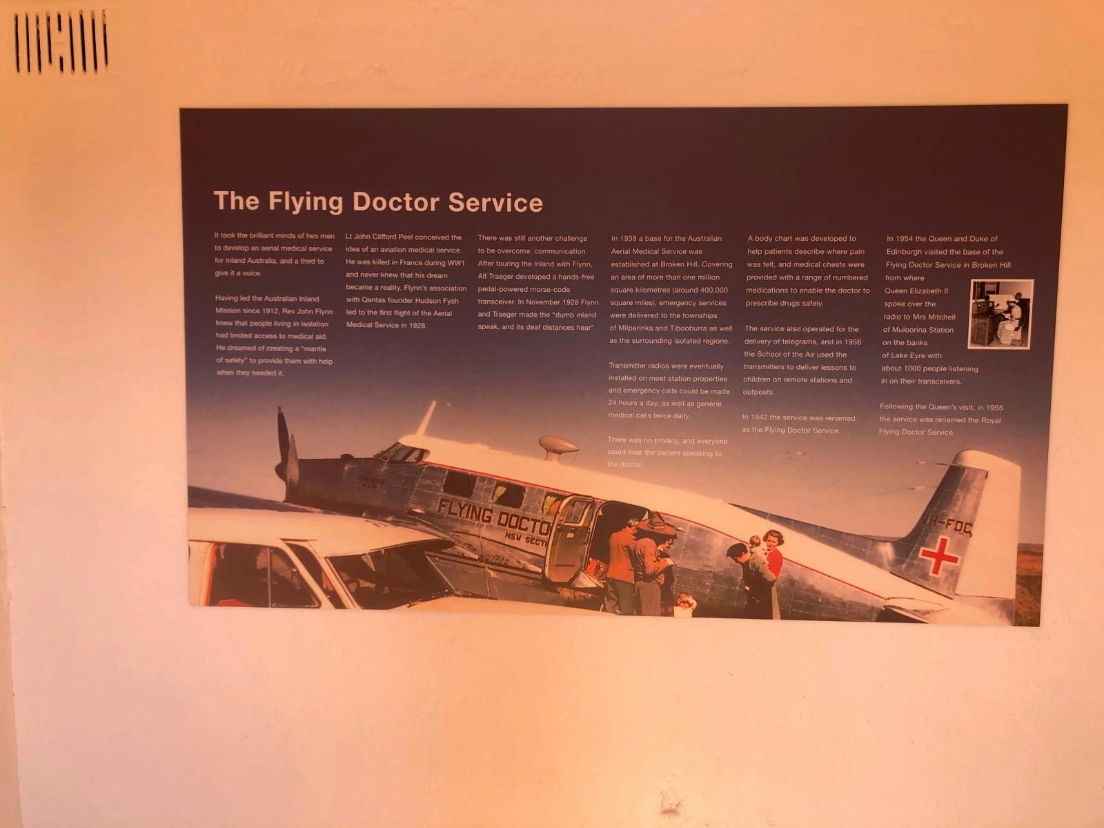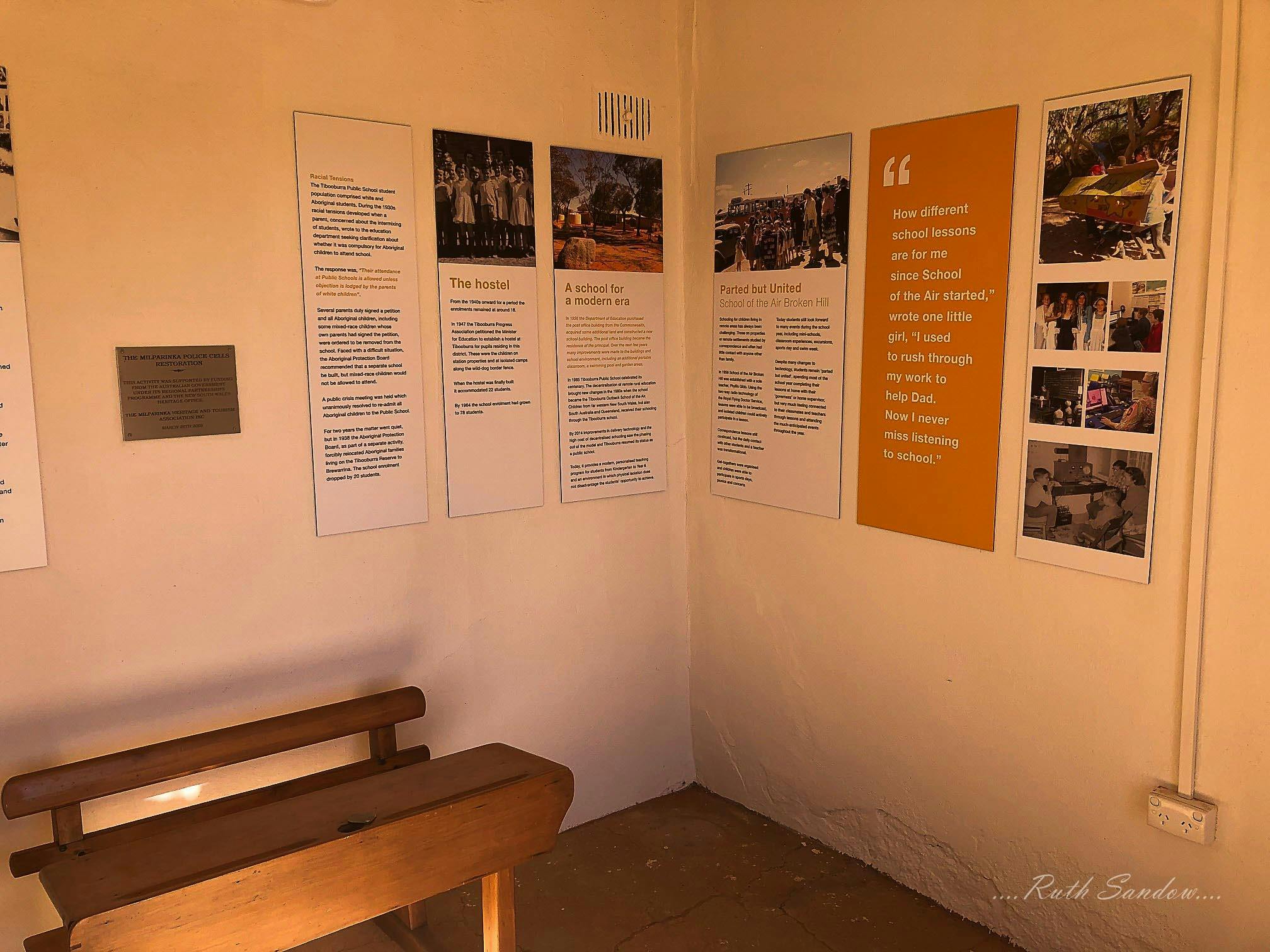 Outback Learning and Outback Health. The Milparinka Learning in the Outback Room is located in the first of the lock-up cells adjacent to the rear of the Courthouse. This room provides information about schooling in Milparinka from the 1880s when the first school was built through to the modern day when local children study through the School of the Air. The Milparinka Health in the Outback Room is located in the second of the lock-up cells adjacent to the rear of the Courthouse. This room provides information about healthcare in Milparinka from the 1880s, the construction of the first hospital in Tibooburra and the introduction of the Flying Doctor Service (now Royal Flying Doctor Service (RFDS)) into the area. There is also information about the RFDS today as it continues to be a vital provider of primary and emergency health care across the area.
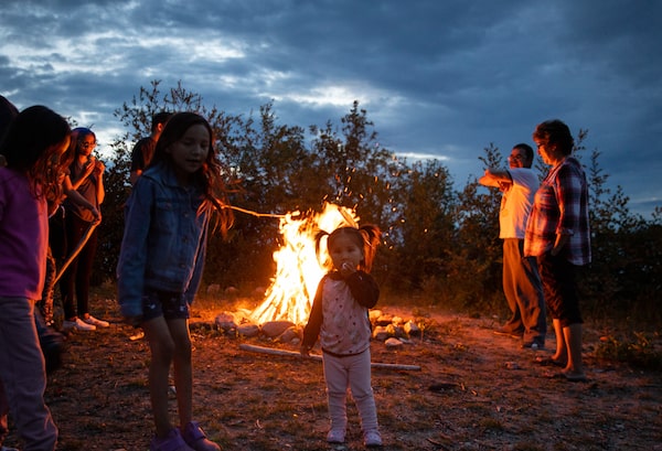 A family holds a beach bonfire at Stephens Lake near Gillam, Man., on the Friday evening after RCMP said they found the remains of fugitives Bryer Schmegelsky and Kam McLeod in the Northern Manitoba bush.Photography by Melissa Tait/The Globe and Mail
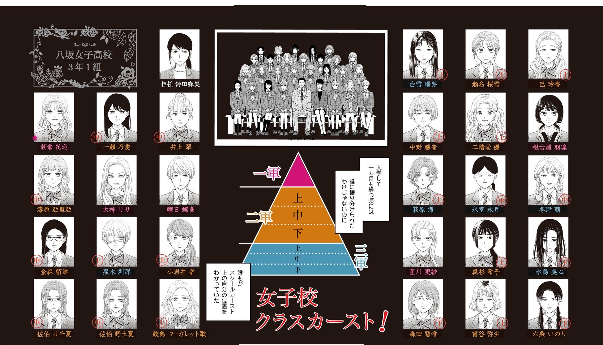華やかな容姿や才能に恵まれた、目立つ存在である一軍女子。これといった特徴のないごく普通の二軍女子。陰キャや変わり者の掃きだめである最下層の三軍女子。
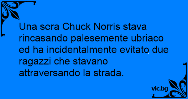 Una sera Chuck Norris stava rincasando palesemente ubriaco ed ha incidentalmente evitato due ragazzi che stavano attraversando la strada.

_Exercise_: Give back the whole listing exactly as written. Do not include any picture.

_Solution for this exercise_:
 Outback Learning and Outback Health. The Milparinka Learning in the Outback Room is located in the first of the lock-up cells adjacent to the rear of the Courthouse. This room provides information about schooling in Milparinka from the 1880s when the first school was built through to the modern day when local children study through the School of the Air. The Milparinka Health in the Outback Room is located in the second of the lock-up cells adjacent to the rear of the Courthouse. This room provides information about healthcare in Milparinka from the 1880s, the construction of the first hospital in Tibooburra and the introduction of the Flying Doctor Service (now Royal Flying Doctor Service (RFDS)) into the area. There is also information about the RFDS today as it continues to be a vital provider of primary and emergency health care across the area.
 A family holds a beach bonfire at Stephens Lake near Gillam, Man., on the Friday evening after RCMP said they found the remains of fugitives Bryer Schmegelsky and Kam McLeod in the Northern Manitoba bush.Photography by Melissa Tait/The Globe and Mail
華やかな容姿や才能に恵まれた、目立つ存在である一軍女子。これといった特徴のないごく普通の二軍女子。陰キャや変わり者の掃きだめである最下層の三軍女子。
 Una sera Chuck Norris stava rincasando palesemente ubriaco ed ha incidentalmente evitato due ragazzi che stavano attraversando la strada.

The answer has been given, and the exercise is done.